On Mon, Aug 29, 2022 at 02:13:12PM +0800, Ziyang Zhang wrote:
> On 2022/8/29 13:40, Ming Lei wrote:
> > On Wed, Aug 24, 2022 at 01:47:39PM +0800, ZiyangZhang wrote:
> >> If one rq is handled by io_uring_cmd_complete_in_task(), after a crash
> >> this rq is actually handled by an io_uring fallback wq. We have to
> >> end(abort) this rq since this fallback wq is a task other than the
> >> crashed task. However, current code does not call io_uring_cmd_done()
> >> at the same time but do it in ublk_cancel_queue(). With current design,
> >> this does work because ublk_cancel_queue() is called AFTER del_gendisk(),
> >> which waits for the rq ended(aborted) in fallback wq. This implies that
> >> fallback wq on this rq is scheduled BEFORE calling io_uring_cmd_done()
> >> on the corresponding ioucmd in ublk_cancel_queue().
> > 
> > Right.
> > 
> >>
> >> However, while considering recovery feature, we cannot rely on
> >> del_gendisk() or blk_mq_freeze_queue() to wait for completion of all
> >> rqs because we may not want any aborted rq. Besides, io_uring does not
> >> provide "flush fallback" machenism so we cannot trace this ioucmd.
> > 
> > Why not?
> > 
> > If user recovery is enabled, del_gendisk() can be replaced with
> > blk_mq_quiesce_queue(), then let abort work function do:
> > 
> > - cancel all in-flight requests by holding them into requeue list
> >   instead of finishing them as before, and this way is safe because
> >   abort worker does know the ubq daemon is dying
> > - cancel pending commands as before, because the situation is same
> >   with disk deleted or queue frozen
> 
> The problem is: we cannot control when fallback wq is scheduled.
> So we are unsafe to call io_uring_cmd_done() in another process.

What is the other process?

It can't be fallback wq since any ublk request is aborted at the beginning
of __ublk_rq_task_work().

It shouldn't be the process calling ublk_cancel_dev(), since it is
safe to call io_uring_cmd_done() if ubq->nr_io_ready > 0.

Or others?

> Otherwise, there is a UAF, just as
> (5804987b7272f437299011c76b7363b8df6f8515: ublk_drv: do not add a
> re-issued request aborted previously to ioucmd's task_work).

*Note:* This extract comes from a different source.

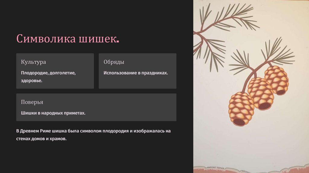 В Древнем Риме шишка была символом плодородия и изображалась на

As I mentioned, del_gendisk() can be replaced with
blk_mq_quiesce_queue() in case of user recovery, then no any new
request can be queued after blk_mq_quiesce_queue() returns.

> 
> Yeah I know the answer is very simple: flush the fallback wq.
> But here are two more questions:

I don't see why we need to flush fallback wq, care to provide some
details?

> 
> (1) Should ublk_drv rely on the fallback wq machenism?
>     IMO, ublk_drv should not know detail of io_uring_cmd_complete_in_task()
>     because its implementation may change in the future.
>     BTW, I think current ublk_rq_task_work_cb() is not correct because
>     it does not always call io_uring_cmd_done() before returning.
>     nvme_uring_cmd_end_io() always calls io_uring_cmd_done() for each ioucmd
>     no matter the rq succeeds or fails.
> 
> (2) Suppose io_uring does export the symbol 'flush_fallback_work', should we call
>     it before starting a new process(recovery)?
>     What if fallback wq is not scheduled immediately if there are many processes
>     running and the system overhead is heavy. In this case the recovery process
>     may wait for too long. Really we should not depend on fallback wq and please
>     let the fallback wq complete the ioucmd itself.
> 
> > 
> > With this way, the current abort logic won't be changed much.
> > 
> > And user recovery should only be started _after_ ublk device is found
> > as aborted.
> 
> START_RECOVERY will check if all ubq_daemons(the process) are PF_EXITING.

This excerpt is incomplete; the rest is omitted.